From the perspective of the Church, the question is not simply whether Black Economic Empowerment is necessary, but whether it is achieving its moral purpose. The Church affirms that redress is essential: the injustices of apartheid were not only political but also profoundly economic, and they continue to shape the lives of millions.

We should admit that much of BEE has been concentrated on ownership transfer and equity deals at the top end of the economy, often benefiting a relatively small and politically connected group. This has not translated into broad-based economic inclusion. In addition, governance challenges, including fronting and rent-seeking, have weakened the credibility and intended impact of the policy.

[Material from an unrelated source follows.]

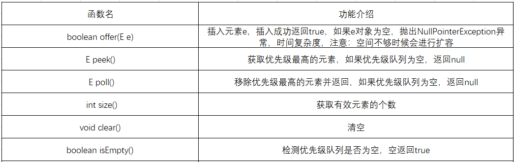 }#注:默认情况下,PriorityQueue队列是小堆,如果需要大堆需要用户提供比较器

The measure of empowerment is not the wealth of a few, but the dignity restored to the many. Any system that enriches only a few, while the many remain excluded, falls short of the demands of the common good. The test of any policy is not its intention, but its impact on the poorest and most vulnerable. Economic transformation must be broad-based, transparent, and accountable, or it risks losing its moral legitimacy.

There are narratives, both locally and internationally, claiming that there is a ‘white genocide’ happening in South Africa, particularly regarding farm attacks. How do you respond to these allegations, and how do we address the genuine fears of some communities without stoking racial division?

Many people are aware that the narrative of “white genocide” is false. This claim should be understood as a disinformation campaign, either intended to intimidate South Africa into withdrawing its case at the International Court of Justice against Israel, or to justify possible future interference in South Africa’s sovereignty.

As the global order shifts away from a rule-based international system, the weak countries in the world, the majority of whom are in Africa, now find themselves at the mercy of the superpowers and their coercive diplomacy. The disinformation campaigns will increasingly become a key feature of coercive diplomacy. As the Church, our calling is to proclaim the Gospel of truth, fraternity, and the common good in a world that is progressively normalizing coercive diplomacy and the use of disinformation.

Many feel that the Truth and Reconciliation Commission prioritized forgiveness at the expense of justice. Is it possible to achieve true social cohesion in South Africa without addressing the economic and land disparities that apartheid created?

South Africa’s Truth and Reconciliation Commission made an indispensable contribution to national healing, but it was never designed to complete the work of healing and justice.

The mandate of the Commission covered the redress to the violation of political and civic rights. It did not extend to the apartheid and its violation of social and economic rights. That is why a separate process was established to facilitate the land reform and redress of land disparities that apartheid created.

The programs like land reform or BEE, which were created to address the injustices of the past, have generally been a failure, and there are a lot of factors behind the failure. These factors are well documented in the reports of various commissions. One of the factors is the capture of the programs by the elite interests, both political and corporate. Mechanisms originally intended for justice and redress have, in certain instances, been diverted into instruments of accumulation and patronage. The original noble intentions have in the process been compromised by systemic corruption and elite appropriation. Greed of the elite, and in some cases the greed of the intended beneficiaries themselves, has contributed to the collapse of the land reform program and the BEE. There is a national dialogue that is supposed to discuss the three decades of post-apartheid South Africa and map out a shared vision for the common good economy. Hopefully, the process will provide a space for a courageous conversation about the future of apartheid redress, particularly how to balance the tension between the imperatives of growing South Africa’s economy and the imperatives of restructuring the economy so that it is more inclusive.